### LISTED ENTRIES
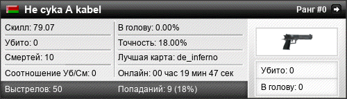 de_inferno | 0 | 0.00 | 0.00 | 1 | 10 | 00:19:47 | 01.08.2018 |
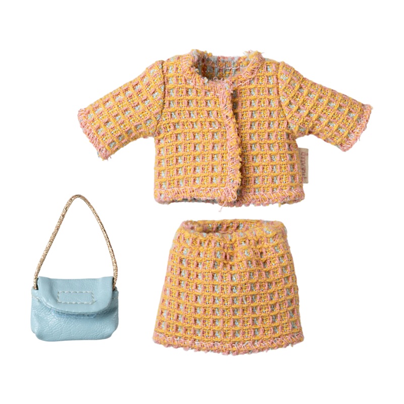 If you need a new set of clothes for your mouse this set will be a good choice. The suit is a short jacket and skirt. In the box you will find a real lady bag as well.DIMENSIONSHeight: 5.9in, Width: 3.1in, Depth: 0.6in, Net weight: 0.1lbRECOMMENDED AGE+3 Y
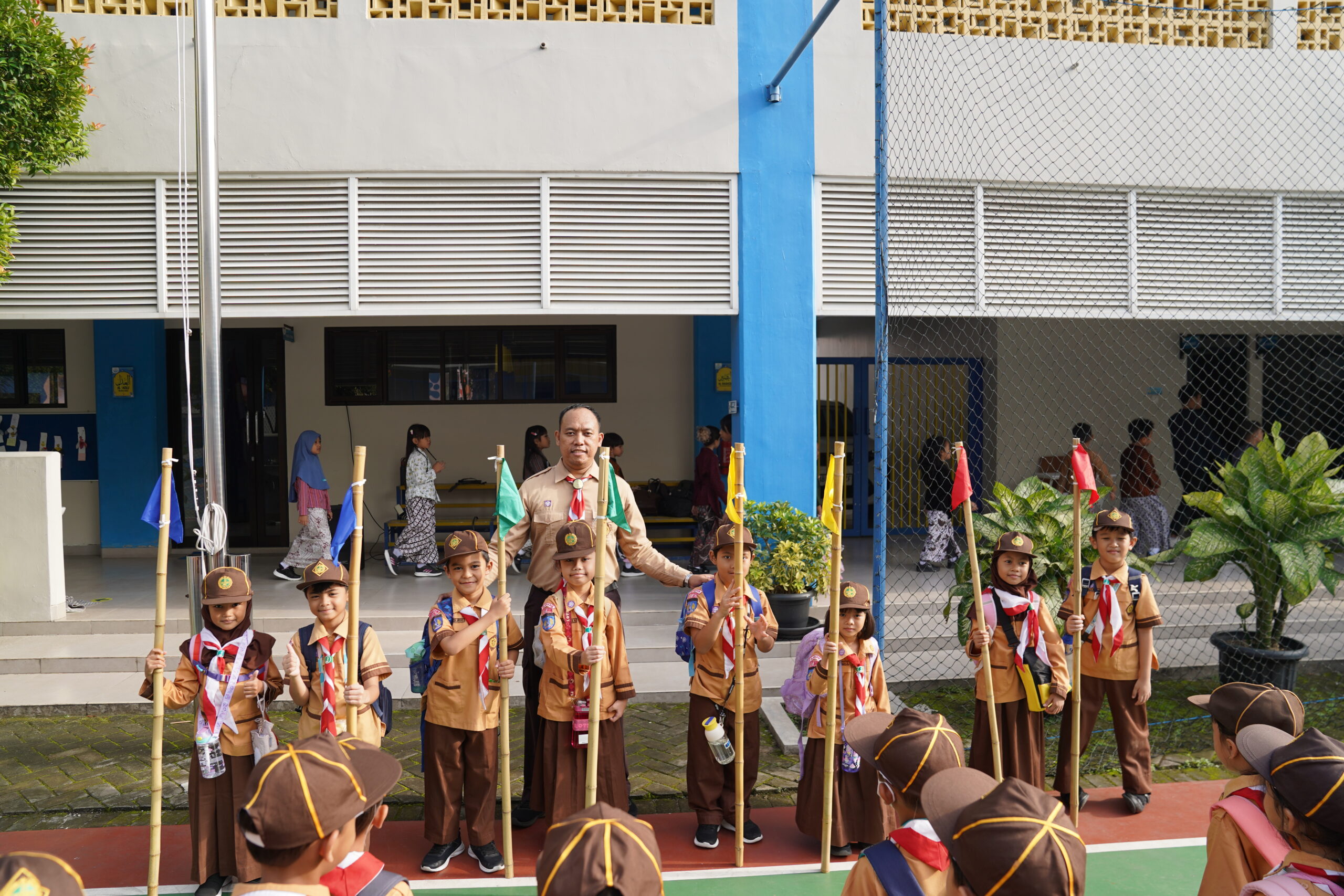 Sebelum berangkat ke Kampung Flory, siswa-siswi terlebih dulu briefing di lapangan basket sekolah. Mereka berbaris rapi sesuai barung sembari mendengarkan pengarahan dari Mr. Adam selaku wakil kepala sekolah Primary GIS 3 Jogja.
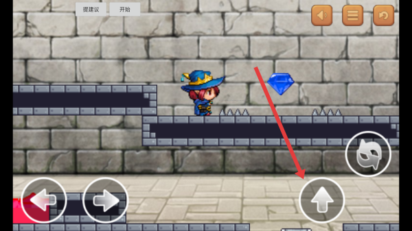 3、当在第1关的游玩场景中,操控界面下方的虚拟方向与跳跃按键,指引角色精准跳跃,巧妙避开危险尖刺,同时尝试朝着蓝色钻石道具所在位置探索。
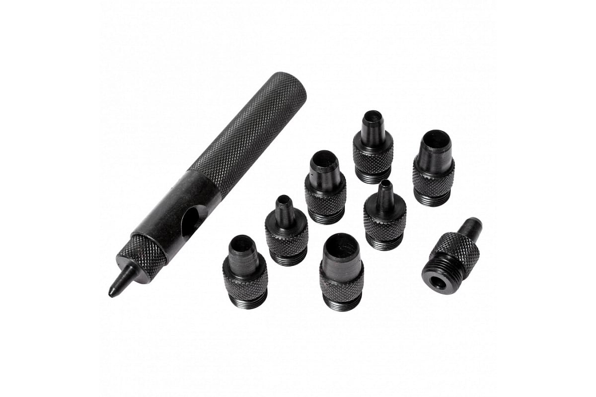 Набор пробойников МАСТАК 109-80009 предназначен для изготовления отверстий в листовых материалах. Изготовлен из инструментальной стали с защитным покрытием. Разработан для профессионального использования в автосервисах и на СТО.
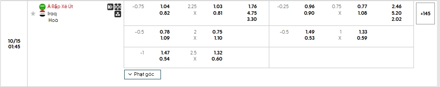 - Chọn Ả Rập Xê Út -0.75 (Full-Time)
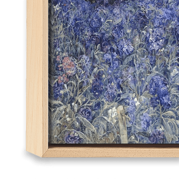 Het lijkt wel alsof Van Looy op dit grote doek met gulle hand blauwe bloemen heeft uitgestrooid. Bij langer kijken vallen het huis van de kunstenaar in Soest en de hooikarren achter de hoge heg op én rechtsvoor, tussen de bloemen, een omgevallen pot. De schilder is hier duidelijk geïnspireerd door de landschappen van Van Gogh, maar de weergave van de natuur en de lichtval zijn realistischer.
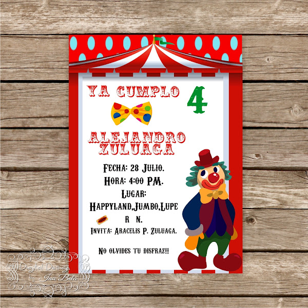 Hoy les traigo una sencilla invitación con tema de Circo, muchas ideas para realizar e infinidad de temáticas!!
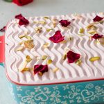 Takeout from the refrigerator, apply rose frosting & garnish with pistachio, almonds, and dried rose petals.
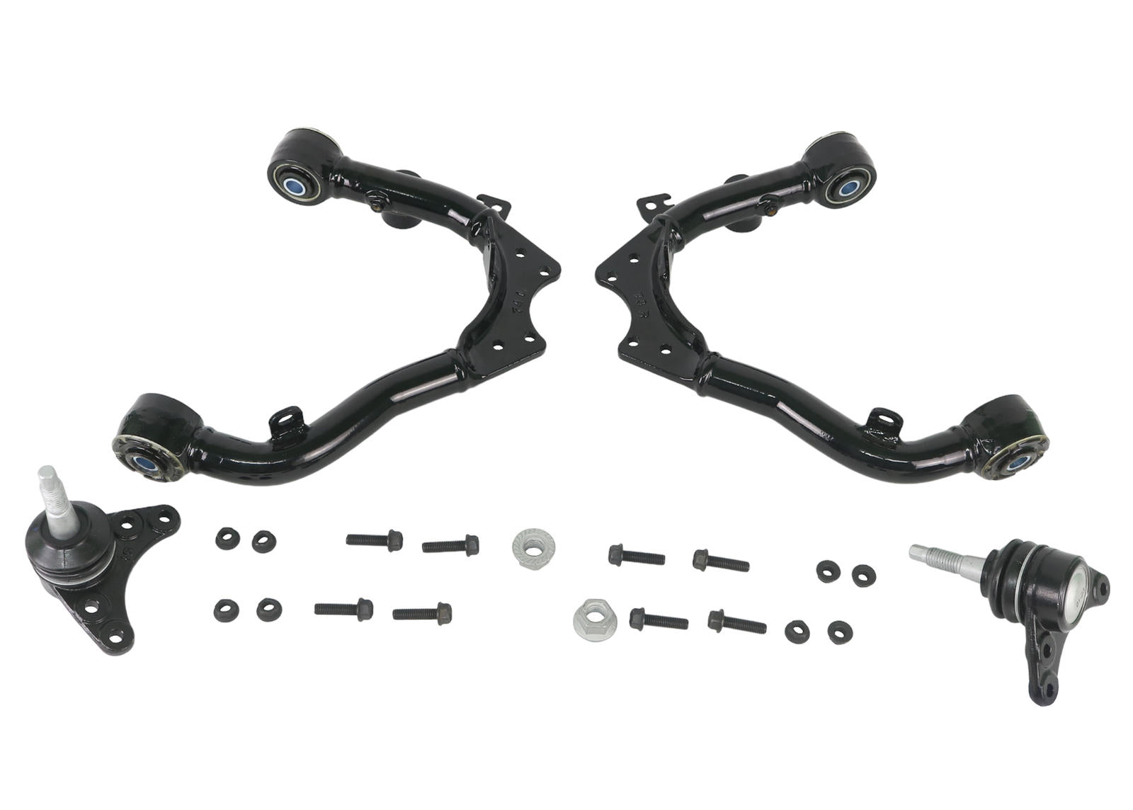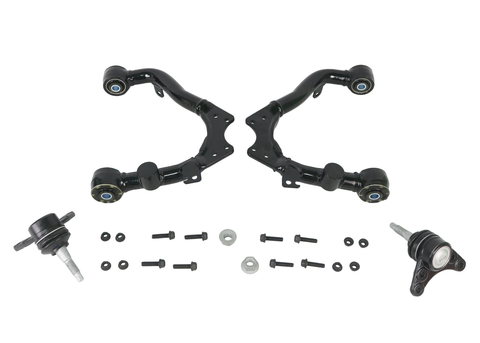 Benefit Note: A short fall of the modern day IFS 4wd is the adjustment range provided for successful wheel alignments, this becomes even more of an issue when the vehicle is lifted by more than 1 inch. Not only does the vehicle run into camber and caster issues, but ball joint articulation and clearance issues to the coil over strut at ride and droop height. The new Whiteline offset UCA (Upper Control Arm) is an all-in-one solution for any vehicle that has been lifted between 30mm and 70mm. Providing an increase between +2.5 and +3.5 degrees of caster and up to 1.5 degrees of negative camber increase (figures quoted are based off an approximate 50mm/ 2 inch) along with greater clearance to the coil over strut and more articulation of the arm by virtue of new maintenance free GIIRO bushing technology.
--
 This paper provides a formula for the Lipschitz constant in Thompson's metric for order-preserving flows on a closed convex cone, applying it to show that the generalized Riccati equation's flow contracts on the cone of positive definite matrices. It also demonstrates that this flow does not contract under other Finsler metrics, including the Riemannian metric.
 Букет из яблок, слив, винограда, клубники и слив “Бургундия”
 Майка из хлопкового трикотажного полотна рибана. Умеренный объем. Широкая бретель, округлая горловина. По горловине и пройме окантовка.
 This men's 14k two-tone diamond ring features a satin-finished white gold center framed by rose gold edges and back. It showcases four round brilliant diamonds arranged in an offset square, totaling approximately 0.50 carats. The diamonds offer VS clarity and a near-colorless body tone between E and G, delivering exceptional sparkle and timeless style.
* * *
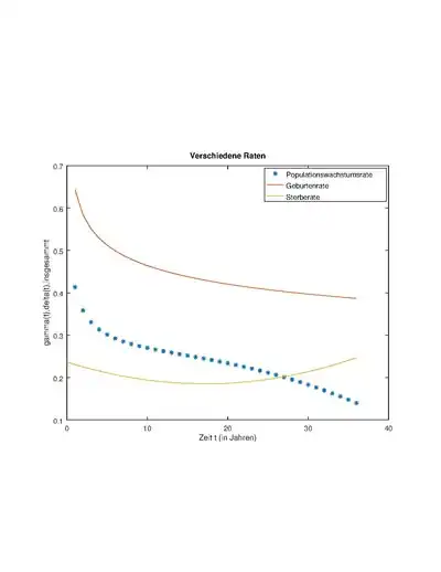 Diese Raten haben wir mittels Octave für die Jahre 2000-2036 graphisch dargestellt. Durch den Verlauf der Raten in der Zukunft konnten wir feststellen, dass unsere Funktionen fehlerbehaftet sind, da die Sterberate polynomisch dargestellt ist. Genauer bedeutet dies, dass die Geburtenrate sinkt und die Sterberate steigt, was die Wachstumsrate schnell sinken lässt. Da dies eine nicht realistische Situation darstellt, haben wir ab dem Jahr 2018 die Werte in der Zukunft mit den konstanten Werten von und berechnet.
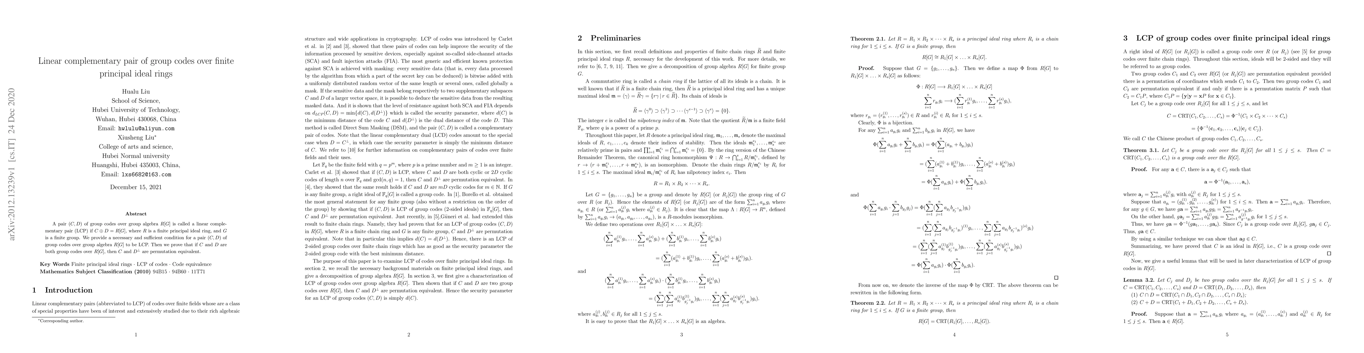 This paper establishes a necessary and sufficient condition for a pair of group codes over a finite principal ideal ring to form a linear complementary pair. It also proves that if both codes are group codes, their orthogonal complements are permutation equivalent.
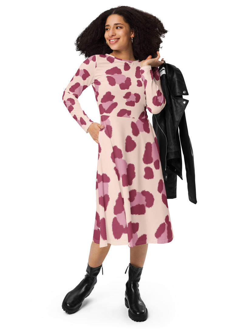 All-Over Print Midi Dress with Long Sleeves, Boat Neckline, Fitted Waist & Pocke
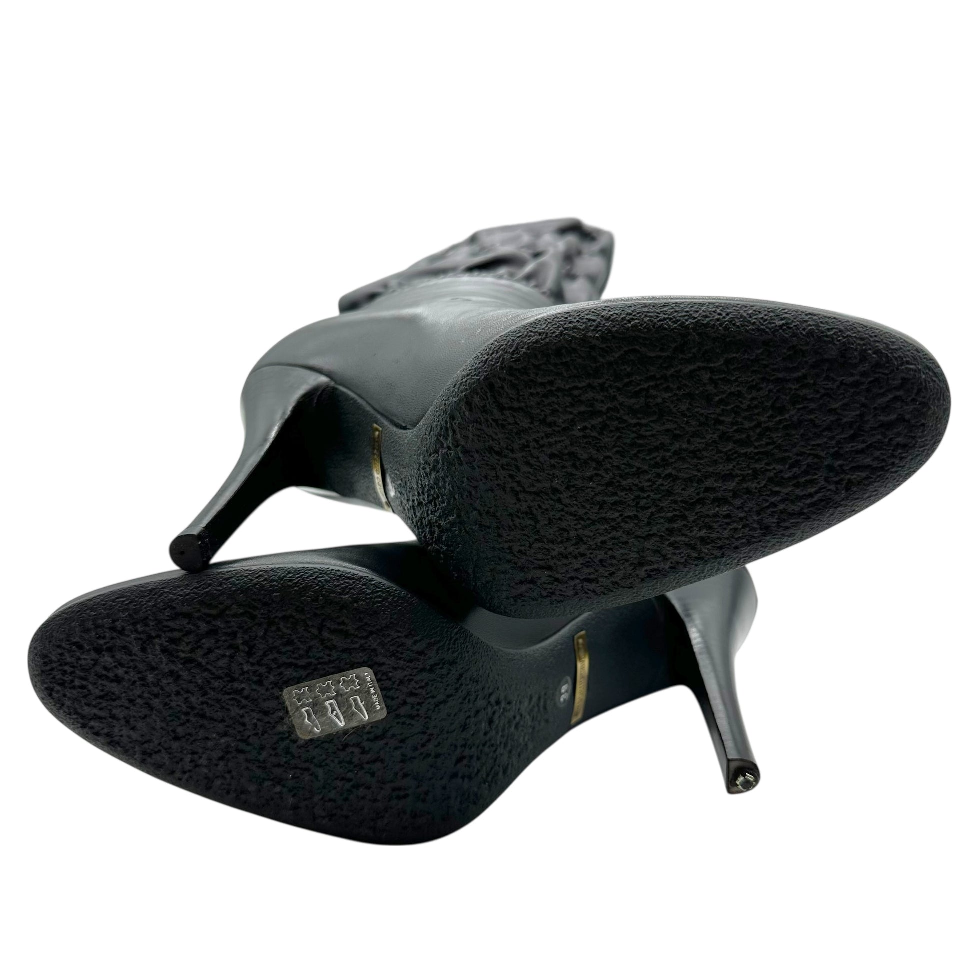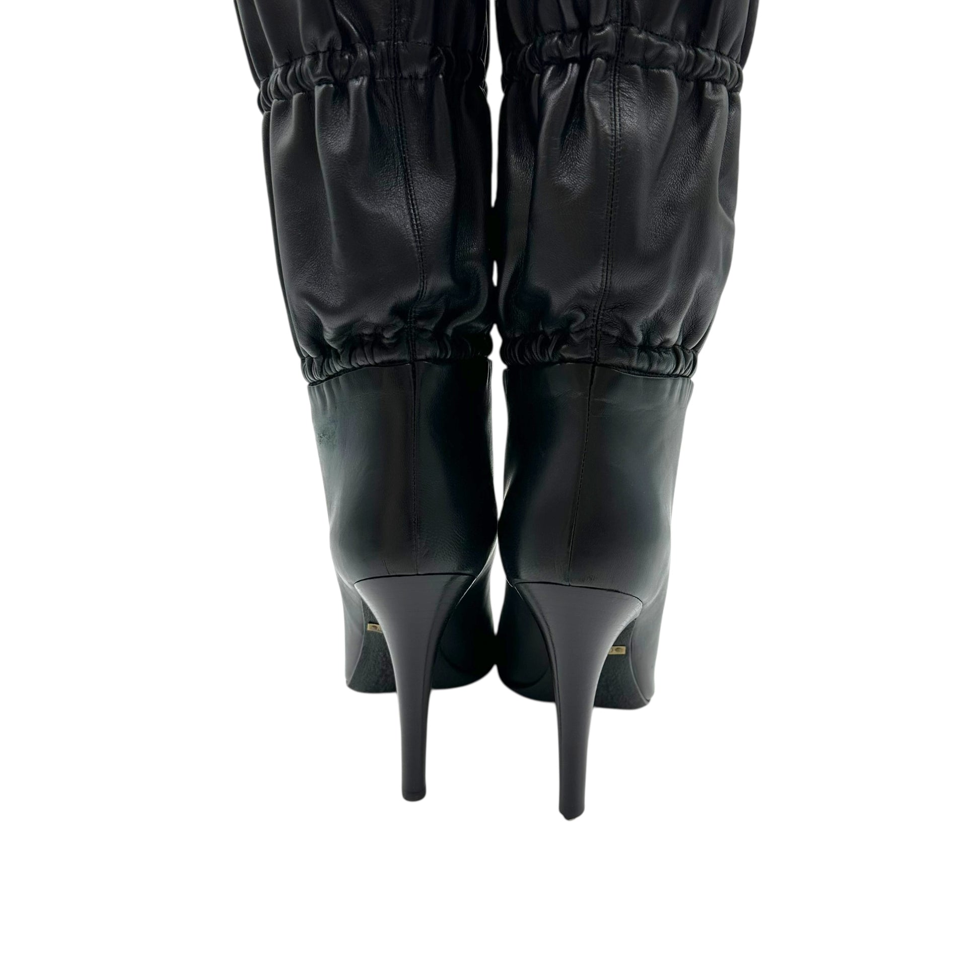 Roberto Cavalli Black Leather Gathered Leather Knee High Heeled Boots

### PROBLEM DETAILS
Repeat exactly, and only, the entries from the line with "de_inferno | 0" through the line with "If you need". Pictures are skipped.

### ANSWER BELOW
 de_inferno | 0 | 0.00 | 0.00 | 1 | 10 | 00:19:47 | 01.08.2018 |
 If you need a new set of clothes for your mouse this set will be a good choice. The suit is a short jacket and skirt. In the box you will find a real lady bag as well.DIMENSIONSHeight: 5.9in, Width: 3.1in, Depth: 0.6in, Net weight: 0.1lbRECOMMENDED AGE+3 Y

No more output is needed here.